The data below is to be written out exactly, with no pictures.

━━ DATASET EXCERPT

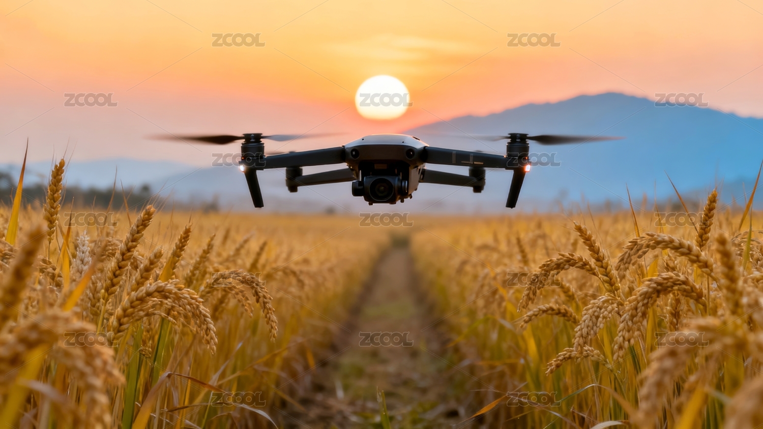 无人机在麦田上空捕捉夕阳余晖下的农田数据
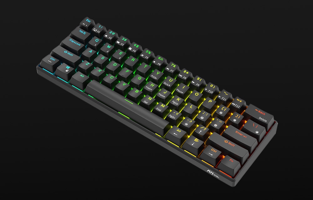 Клавіатура Royal Kludge RK61 ідеально відповідає вашій ігровій позиції! Він оснащений барвистою підсвічуванням RGB, яка пропонує цілих 14 режимів роботи. Завдяки цьому ви можете адаптувати його до своїх уподобань, створюючи унікальні освітлювальні ефекти під час роботи чи гри. Його невеликий дизайн робить його підходящим на кожному столі, залишаючи вам більше місця для своїх проектів.
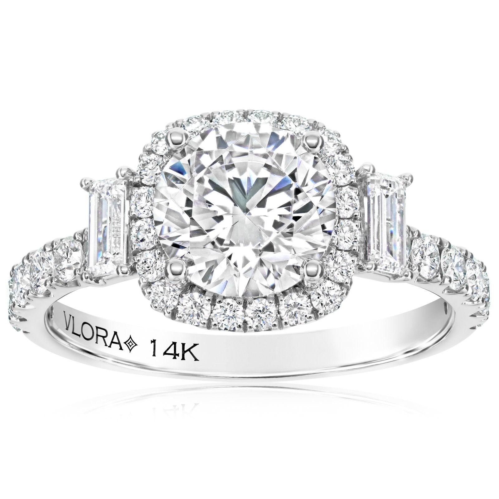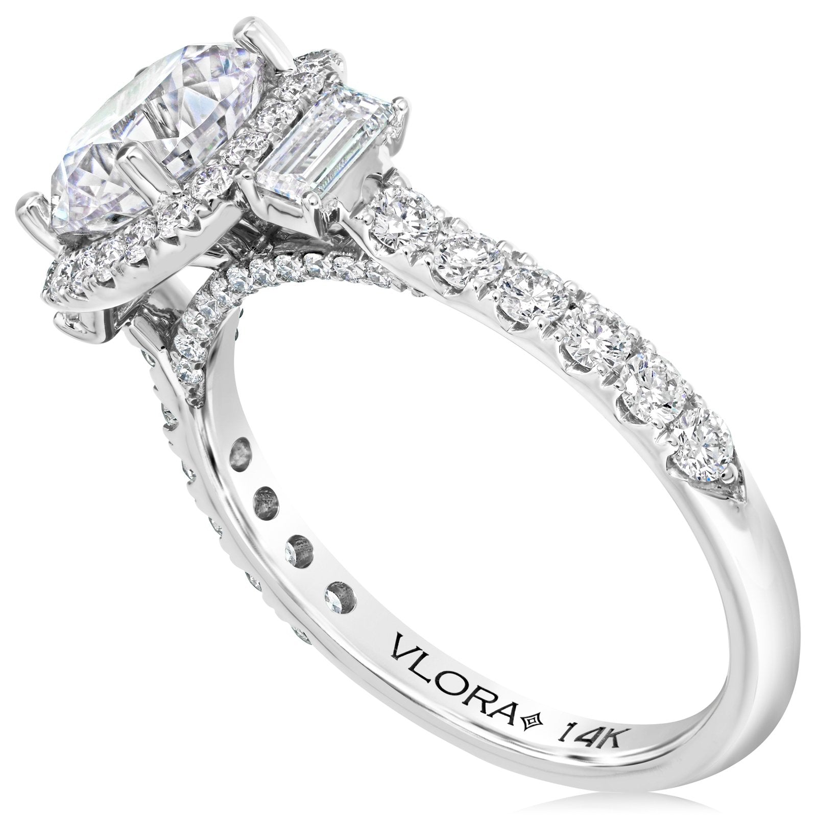 14K white gold diamond three stone engagement ring setting from the Reis-Nichols Collection. The ring features two baguettes, and 54 round brilliant cut diamonds weighing nearly 1 ctw. Size 6.5 in stock now. Please call or email for details on special order sizes and availability.
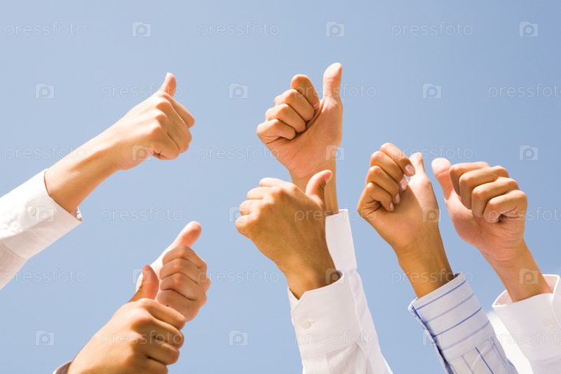 Изображение нескольких человеческих рук, показывающих большие пальцы на ясном голубом небе

━━━━

• _TASK SOLUTION_
 无人机在麦田上空捕捉夕阳余晖下的农田数据
 Клавіатура Royal Kludge RK61 ідеально відповідає вашій ігровій позиції! Він оснащений барвистою підсвічуванням RGB, яка пропонує цілих 14 режимів роботи. Завдяки цьому ви можете адаптувати його до своїх уподобань, створюючи унікальні освітлювальні ефекти під час роботи чи гри. Його невеликий дизайн робить його підходящим на кожному столі, залишаючи вам більше місця для своїх проектів.
 14K white gold diamond three stone engagement ring setting from the Reis-Nichols Collection. The ring features two baguettes, and 54 round brilliant cut diamonds weighing nearly 1 ctw. Size 6.5 in stock now. Please call or email for details on special order sizes and availability.
 Изображение нескольких человеческих рук, показывающих большие пальцы на ясном голубом небе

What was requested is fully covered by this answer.